Evolution of the size of open-hearth furnaces.

The Siemens–Martin process complemented rather than replaced the Bessemer process. It is slower and thus easier to control, allowing production of better product. It also permits the melting and refining of large amounts of scrap steel, further lowering steel production costs and recycling an otherwise troublesome waste material. One of its important drawbacks is that melting and refining a charge takes several hours. This was an advantage in the early 20th century, as it gave plant chemists time to analyze the steel and decide how much longer to refine it. But by about 1975 electronic instruments such as atomic absorption spectrophotometers had made analysis of the steel much easier and faster. The work environment around an open-hearth furnace is said to be extremely dangerous, although that may be even more true of the environment around a basic oxygen or electric arc furnace.
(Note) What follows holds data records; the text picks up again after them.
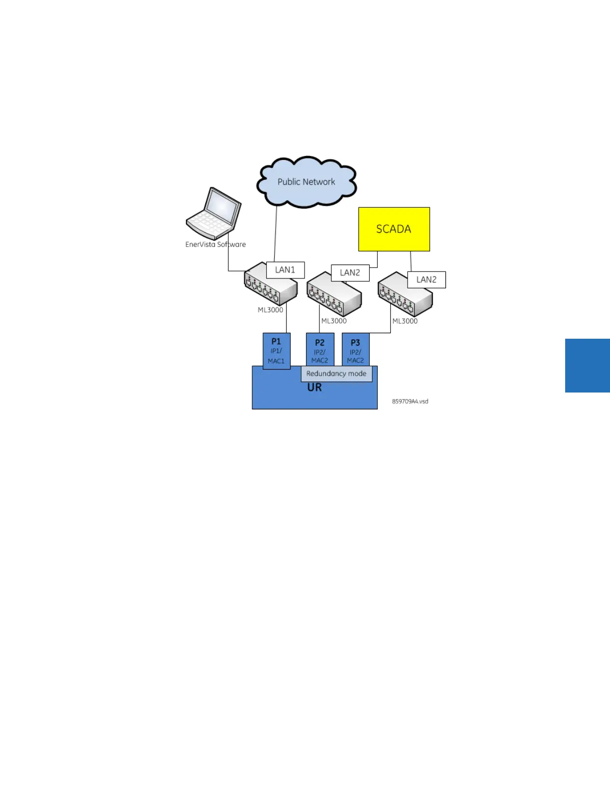 SCADA is provided through LAN2. P2 and P3 are connected to LAN2, where P2 is the primary channel and P3 is the
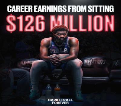 美媒BasketballFovever:“恩比德生涯缺席了400场比赛,躺着挣了125,695,189美金,这比爱德华兹、拉梅洛-鲍尔、亚历山大、莫兰特、希罗、马克西生涯总收入还多。”
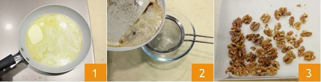Para preparar los financiers con nueces y mermelada de melocotón, derrite la mantequilla a fuego lento en una sartén grande 1, removiendo con una cuchara de madera hasta que se vuelva oscura: así obtendrás la mantequilla noisette, es decir, una mantequilla derretida de color avellana dorada para que adquiera un aroma muy particular. Filtra la mantequilla noisette en un cuenco con la ayuda de un colador de malla fina 2 y deja que se enfríe. Tuesta las nueces a 180° durante 3-4 minutos en una bandeja forrada con papel de horno 3;
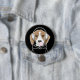 The design features an illustration of a relaxing beagle wearing headphones and blowing pink bubblegum. With your personalised favourite background colour, it makes a cute, funny, and unique pinback button for dog lovers.

On the one hand, the process achieves lesser economies of scale than the Bessemer, so its steel was costlier in former's heyday, but on the other, it was more suitable for countries which couldn't produce lots of steel anyway due to limitations of natural resources.

Russian engineers invented the twin-hearth furnace in the mid-20th century. It has two melting pools separated by a brick wall, and no regenerator chambers. Instead the furnace has direct burners and oxygen lances at the ceiling of the furnace. The idea is to process two heats simultaneously, but in different phases, e.g. when one is being charged, the other is being decarburized. The idea is to burn away excess carbon and impurities with oxygen blast instead of free flame formation. All reactions which occur are exothermic, so the burners have only an auxiliary role. This is similar as the AJAX furnace, which also uses oxygen blow instead of free flame formation and regenerator chambers.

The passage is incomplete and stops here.